* Assigned task *
Below is a listing; retype exactly the line with "This Concept Map, created" and every line after it through the end, and only those, leaving out the pictures.

* Data block *
****************
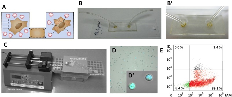 Fig. 15. Illustration of using a microfluidic-based approach exploiting volume exchange for convective transfer (VECT) to deliver 12 base-pair DNA target into HeLa cells. (A) Schematic representation of the VECT principle. (B) Microfluidic chip (expansion shown in B′); courtesy of Prof. Todd Sulchek and Dr. S. Chen (Georgia Institute of Technology, USA). (C) Instrumental setup used for VECT-based transfection. (D) and (E) confocal images and FCM plot of the transfected cells. Green and blue colors in (D) indicate the localization of FAM-labelled DNA fragment and Hoechst-stained nuclear DNA. The viability of transfected cells and transfection efficiency were determined by double-staining (DNA-PI/DNA-FAM). For an interpretation of the FCM plot, see Fig. 15. The data in (D) and (F) were acquired by J. Rynes and V. Zlinska, co-authors of this review. (For interpretation of the references to colour in this figure legend, the reader is referred to the web version of this article.) |
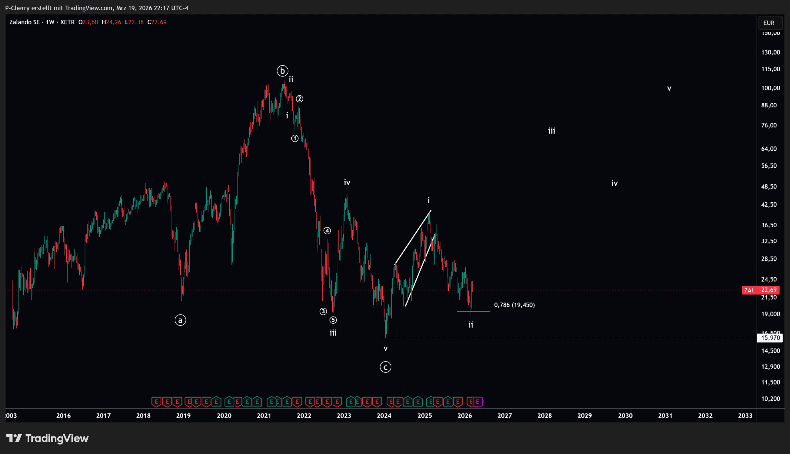 Im Wochenchart der Zalando-Aktie zeigte sich ein übergeordneter Abwärtstrend im Rahmen einer klar strukturierten Elliott-Wellen-Bewegung. Nach der abgeschlossenen Abwärtsbewegung bis zur Welle (v) im Januar 2024 startete der Kurs der Zalando-Aktie einen neuen, bullischen Aufwärtstrend.
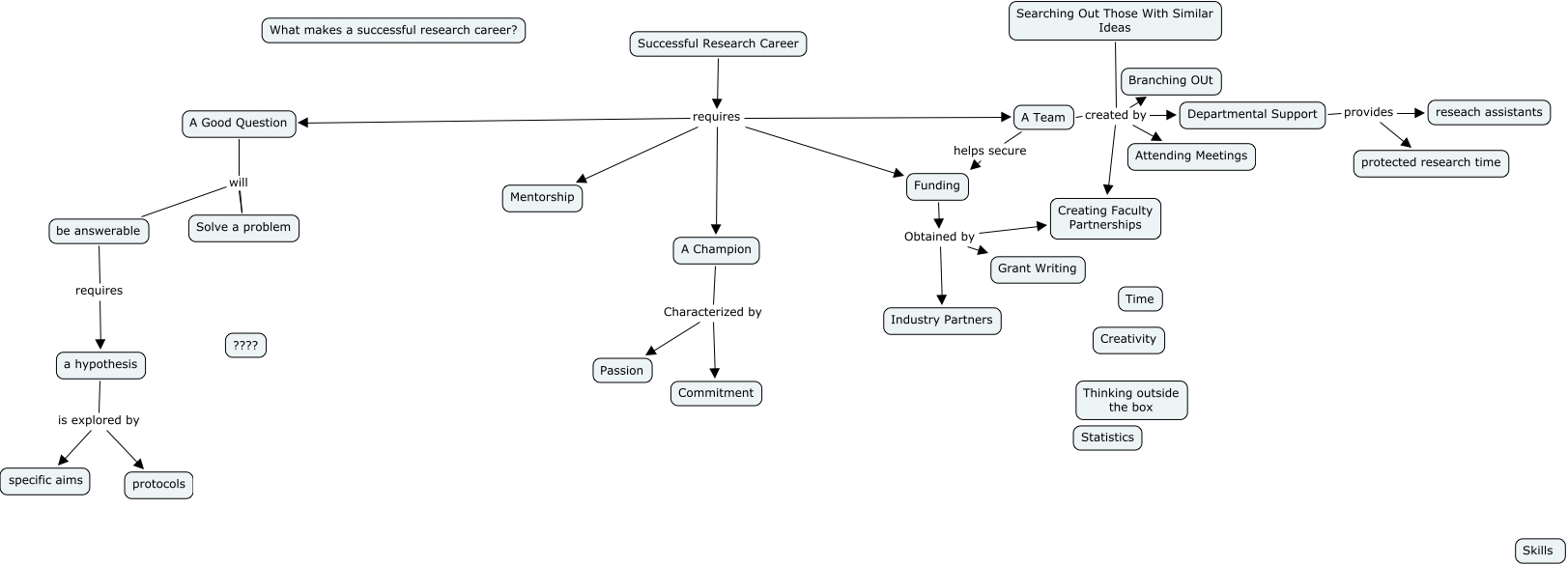 This Concept Map, created with IHMC CmapTools, has information related to: JMMcFarlinMap1, Successful Research Career requires Mentorship, a hypothesis is explored by protocols, Successful Research Career requires Funding, A Team created by Attending Meetings, A Team created by Searching Out Those With Similar Ideas, Successful Research Career requires A Good Question, A Team created by Branching OUt, A Team helps secure Funding, A Champion Characterized by Passion, be answerable requires a hypothesis, Successful Research Career requires A Team, A Team created by Departmental Support, Funding Obtained by Grant Writing, Funding Obtained by Creating Faculty Partnerships, A Good Question will Solve a problem, A Team created by Creating Faculty Partnerships, Successful Research Career requires A Champion, Funding Obtained by Industry Partners, Solve a problem will be answerable, A Champion Characterized by Commitment
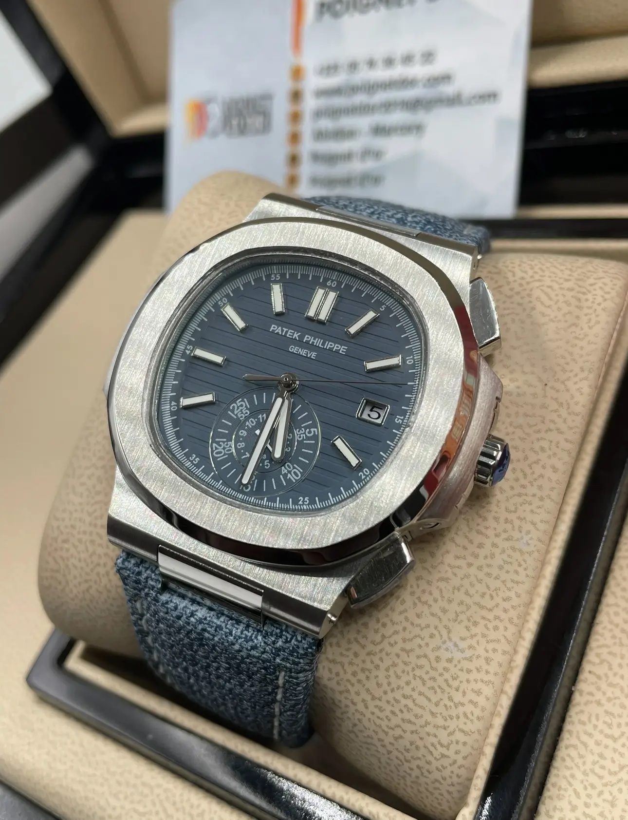 Bleu acier avec motif horizontal Nautilus,
****************
* Answer to this exercise *
 This Concept Map, created with IHMC CmapTools, has information related to: JMMcFarlinMap1, Successful Research Career requires Mentorship, a hypothesis is explored by protocols, Successful Research Career requires Funding, A Team created by Attending Meetings, A Team created by Searching Out Those With Similar Ideas, Successful Research Career requires A Good Question, A Team created by Branching OUt, A Team helps secure Funding, A Champion Characterized by Passion, be answerable requires a hypothesis, Successful Research Career requires A Team, A Team created by Departmental Support, Funding Obtained by Grant Writing, Funding Obtained by Creating Faculty Partnerships, A Good Question will Solve a problem, A Team created by Creating Faculty Partnerships, Successful Research Career requires A Champion, Funding Obtained by Industry Partners, Solve a problem will be answerable, A Champion Characterized by Commitment
 Bleu acier avec motif horizontal Nautilus,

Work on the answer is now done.